- _GIVEN INFORMATION_
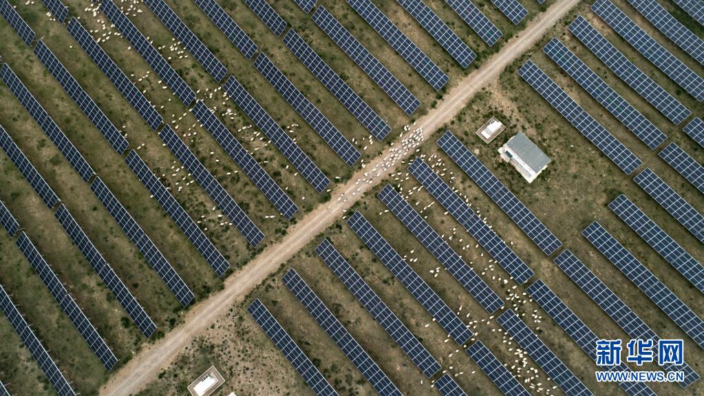 羊群在青海省海南藏族自治州共和縣光伏產(chǎn)業(yè)園吃草(2019年6月16日攝,無人機照片)。新華社 吳剛 攝
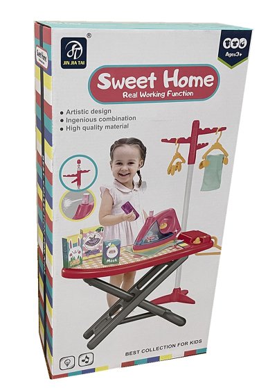 Plastové žehlící prkno s žehličkou, věšákem, ramínky a dalším příslušenstvím pro malé hospodyňky. Výška prkna 50 cm. Žehlička má zvukové a světelné efekty.
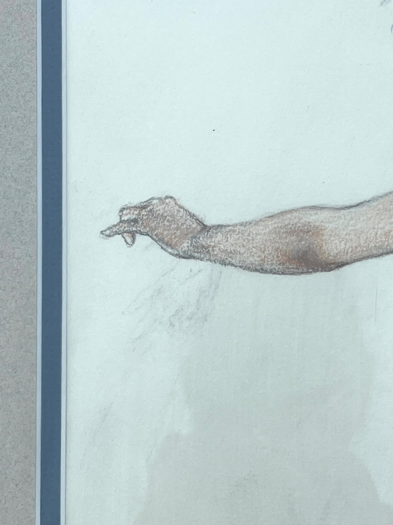 Stand Up Rider Mixed Media Drawing Original Signed by Artist R. Weaver This is an original piece with a story on the back hand written by the artist explaining his inspiration for the piece. It is professionally framed and has a glass front to protect your investment. The frame measures 20" x 24".
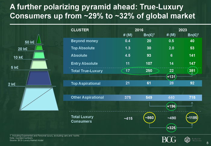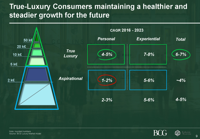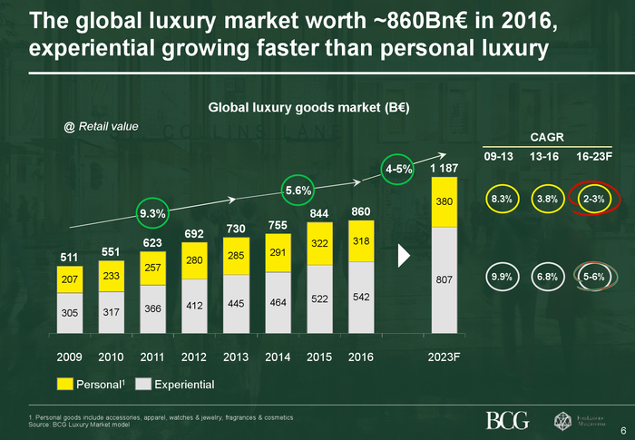 波士顿咨询公司(BCG)和意大利奢侈品行业协会(Altagamma Foundation)联合开展的调查研究显示,未来几年内,全球奢侈品行业的增速将由近几十年的年均8%-10%,降至2%-5%区间。据估计,目前全球奢侈品行业(包括商品购买及体验消费)总值约为8,600亿欧元,到2023年预计将达到约1.2万亿欧元。

- _ABOUT THIS TASK_
An exact copy of the material is required, minus the pictures.

- _RESULT_
 羊群在青海省海南藏族自治州共和縣光伏產(chǎn)業(yè)園吃草(2019年6月16日攝,無人機照片)。新華社 吳剛 攝
 Plastové žehlící prkno s žehličkou, věšákem, ramínky a dalším příslušenstvím pro malé hospodyňky. Výška prkna 50 cm. Žehlička má zvukové a světelné efekty.
 Stand Up Rider Mixed Media Drawing Original Signed by Artist R. Weaver This is an original piece with a story on the back hand written by the artist explaining his inspiration for the piece. It is professionally framed and has a glass front to protect your investment. The frame measures 20" x 24".
 波士顿咨询公司(BCG)和意大利奢侈品行业协会(Altagamma Foundation)联合开展的调查研究显示,未来几年内,全球奢侈品行业的增速将由近几十年的年均8%-10%,降至2%-5%区间。据估计,目前全球奢侈品行业(包括商品购买及体验消费)总值约为8,600亿欧元,到2023年预计将达到约1.2万亿欧元。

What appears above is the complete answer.